DESCRIPTION OF THE TASK — Exclude the pictures, then repeat the remaining data exactly.

Recorded data
• • • • • • •

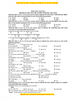 (BỘ ĐỀ ÔN THI VÀO LỚP 10 THPT NĂM HỌC 2022-2023)
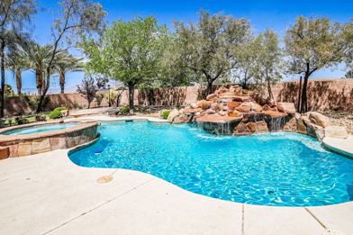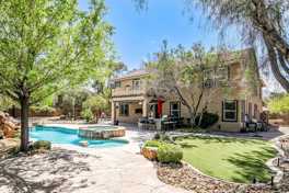 An Amazing Find!! Located In The Private Enclave Of Lone Mountain Classics, This 5 Bedroom 4000+ Sq/Ft 3 Car Garage & Side Yard Full Size Rv Parking. Huge Bonus Room Upstairs W/ Newer Carpet With Memory Foam Padding Throughout Upstairs. Newly Remodeled & Upgraded Kitchen With Top Of The Line Lg Stainless Steel Appliances,Oversized Extended Granite Island And Granite Countertops With Tons Of Cabinet Space. Spacious Formal Living And Dining Rooms And Family Room With 5.1 Dolby Surround Sound And Wired For Your Media And Entertainment Pleasure. Large Primary Bedroom With Exquisitely Upgraded Designer Bath - European Tile. Primary Bedroom Also Has A Private Balcony Overseeing An Amazing Backyard Paradise Featuring Multiple Playscape Areas W/ Oversized Pool, With Waterfall, Spa & Lagoon Play Area. Large Custom Putting Green, Inground Trampoline Adjacent. Covered Patio W/ Built In 8 Burner Bbq & Bar Area. Private Side Yard Retreat Featuring Fire Pit, Fruit Trees & Much More- Must See
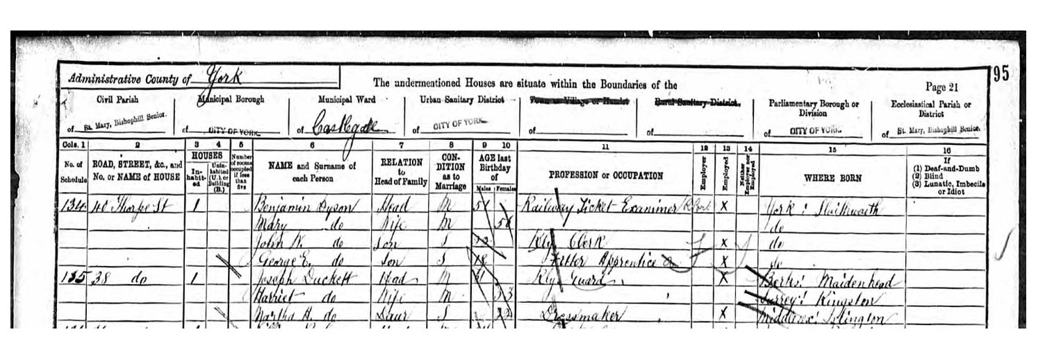 Joseph Duckett, Head, 41, Guard Gt Northern, born Maidenhead, Berkshire
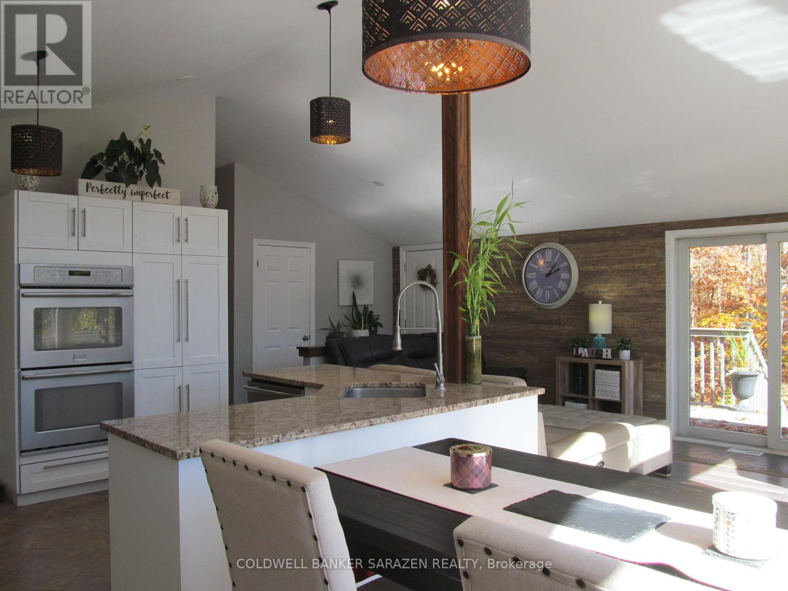 Make your "someday" dreams come true! Have you thought one day you would have a getaway from the crowds live in a sun drenched home and have enough property for a chicken run, a goat or two, a couple of sheep and a precious horse or donkey? Then this is your lucky day! This bright happy bungalow tastefully updated and painted in neutral tones has an open concept living/dining/kitchen area perfect for entertaining family and friends, stainless steel appliances in the smartly designed kitchen, new laminate and ceramic flooring and ceiling to floor picture windows overlooking the river. The patio doors lead out to a large wrap around deck complete with a hot tub and loads of sunshine from the south facing exposure. A spacious primary bedroom features a unique picture window, there ae two additional bedrooms and a lovely bathroom with double vanity. Now for the exciting part. The property is set-up with a heated workshop with an attached chicken coop large enough for 10+ birds, spacious utility shed for storing your ATV, side-by-side, garden implements and "neat stuff". All within steps of the house. Enjoy fun filled afternoons & evenings savouring the small of wood burning in the fire pit just off the deck. For the goats and sheep there is an electric wired run. Your beloved horse or donkey has a separate electric fenced paddock and stall behind the house set amongst the peaceful woodlands. Wander the cleared trails or take off on your ATV to explore the woodlands leading to the pond. This property has been meticulously maintained. All the outbuildings were built with the best material available, the fences are easy to set up or remove. Situated 10 minutes from the village of Calabogie's convenience stores, restaurants, golf courses, ski hills, lake, world class motor sport track, 15 minutes to Hwy 417 interchange. Words cannot express the scope of this property you have to see it for yourself .... you won't be disappointed. (id:49063)
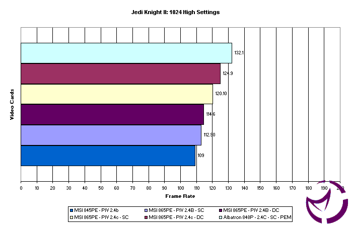 Here we see that UT seems to like PEM and the lower timings of the Albatron board. It performs better than the 865PE board in single channel mode, though the difference is less than one percent. It can't quite reach the speed of the dual channel version of the 865PE, but still offers good performance in this test. How about Jedi Knight II?

• • • • • • •

RESPONSE TO THE TASK —
 (BỘ ĐỀ ÔN THI VÀO LỚP 10 THPT NĂM HỌC 2022-2023)
 An Amazing Find!! Located In The Private Enclave Of Lone Mountain Classics, This 5 Bedroom 4000+ Sq/Ft 3 Car Garage & Side Yard Full Size Rv Parking. Huge Bonus Room Upstairs W/ Newer Carpet With Memory Foam Padding Throughout Upstairs. Newly Remodeled & Upgraded Kitchen With Top Of The Line Lg Stainless Steel Appliances,Oversized Extended Granite Island And Granite Countertops With Tons Of Cabinet Space. Spacious Formal Living And Dining Rooms And Family Room With 5.1 Dolby Surround Sound And Wired For Your Media And Entertainment Pleasure. Large Primary Bedroom With Exquisitely Upgraded Designer Bath - European Tile. Primary Bedroom Also Has A Private Balcony Overseeing An Amazing Backyard Paradise Featuring Multiple Playscape Areas W/ Oversized Pool, With Waterfall, Spa & Lagoon Play Area. Large Custom Putting Green, Inground Trampoline Adjacent. Covered Patio W/ Built In 8 Burner Bbq & Bar Area. Private Side Yard Retreat Featuring Fire Pit, Fruit Trees & Much More- Must See
 Joseph Duckett, Head, 41, Guard Gt Northern, born Maidenhead, Berkshire
 Make your "someday" dreams come true! Have you thought one day you would have a getaway from the crowds live in a sun drenched home and have enough property for a chicken run, a goat or two, a couple of sheep and a precious horse or donkey? Then this is your lucky day! This bright happy bungalow tastefully updated and painted in neutral tones has an open concept living/dining/kitchen area perfect for entertaining family and friends, stainless steel appliances in the smartly designed kitchen, new laminate and ceramic flooring and ceiling to floor picture windows overlooking the river. The patio doors lead out to a large wrap around deck complete with a hot tub and loads of sunshine from the south facing exposure. A spacious primary bedroom features a unique picture window, there ae two additional bedrooms and a lovely bathroom with double vanity. Now for the exciting part. The property is set-up with a heated workshop with an attached chicken coop large enough for 10+ birds, spacious utility shed for storing your ATV, side-by-side, garden implements and "neat stuff". All within steps of the house. Enjoy fun filled afternoons & evenings savouring the small of wood burning in the fire pit just off the deck. For the goats and sheep there is an electric wired run. Your beloved horse or donkey has a separate electric fenced paddock and stall behind the house set amongst the peaceful woodlands. Wander the cleared trails or take off on your ATV to explore the woodlands leading to the pond. This property has been meticulously maintained. All the outbuildings were built with the best material available, the fences are easy to set up or remove. Situated 10 minutes from the village of Calabogie's convenience stores, restaurants, golf courses, ski hills, lake, world class motor sport track, 15 minutes to Hwy 417 interchange. Words cannot express the scope of this property you have to see it for yourself .... you won't be disappointed. (id:49063)
 Here we see that UT seems to like PEM and the lower timings of the Albatron board. It performs better than the 865PE board in single channel mode, though the difference is less than one percent. It can't quite reach the speed of the dual channel version of the 865PE, but still offers good performance in this test. How about Jedi Knight II?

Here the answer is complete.